:: What you need to do ::
Output, verbatim and without pictures, the lines from the first line of the listing through the line containing "Lemon Bucket Orkestra".

:: Data below ::
---+---

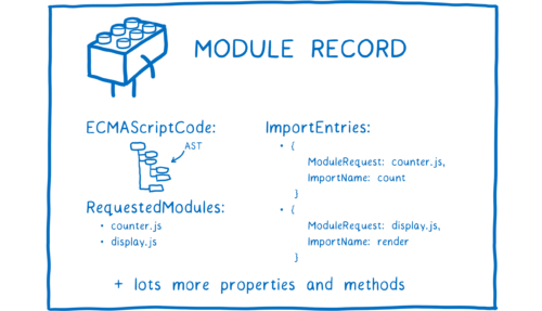 Но сами файлы не являются тем, что браузер может использовать. Ему необходимо разобрать все эти файлы, чтобы превратить их в структуры данных, называемые записями модулей (module records). Таким образом, он действительно узнает, что происходит в файле.
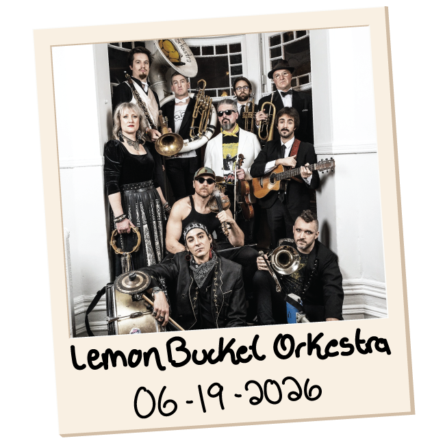 Lemon Bucket Orkestra are Toronto’s original guerrilla-folk-party-punks. The award-winning crew has been called frenetic, charismatic, and gloriously anarchic by the New York Times, The Guardian, the Winnipeg Free Press and media across the globe and over the past 14 years have performed all over the world from WOMAD in England and New Zealand and Pohoda in Slovakia, Festival D’Été in Québec City to New Orleans Jazz Fest in Louisiana.
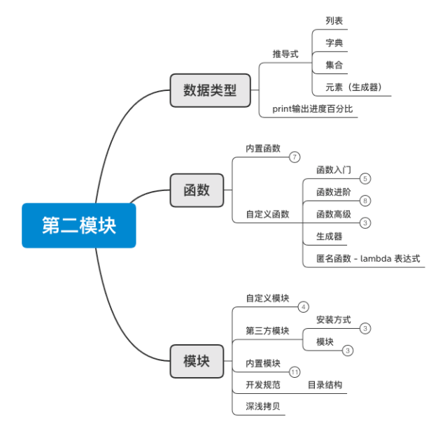 课程目标:对第二模块 “函数和模块” 阶段的知识点进行总结和考试,让学员更好的掌握此模块的相关知识。

---+---

:: Answer ::
 Но сами файлы не являются тем, что браузер может использовать. Ему необходимо разобрать все эти файлы, чтобы превратить их в структуры данных, называемые записями модулей (module records). Таким образом, он действительно узнает, что происходит в файле.
 Lemon Bucket Orkestra are Toronto’s original guerrilla-folk-party-punks. The award-winning crew has been called frenetic, charismatic, and gloriously anarchic by the New York Times, The Guardian, the Winnipeg Free Press and media across the globe and over the past 14 years have performed all over the world from WOMAD in England and New Zealand and Pohoda in Slovakia, Festival D’Été in Québec City to New Orleans Jazz Fest in Louisiana.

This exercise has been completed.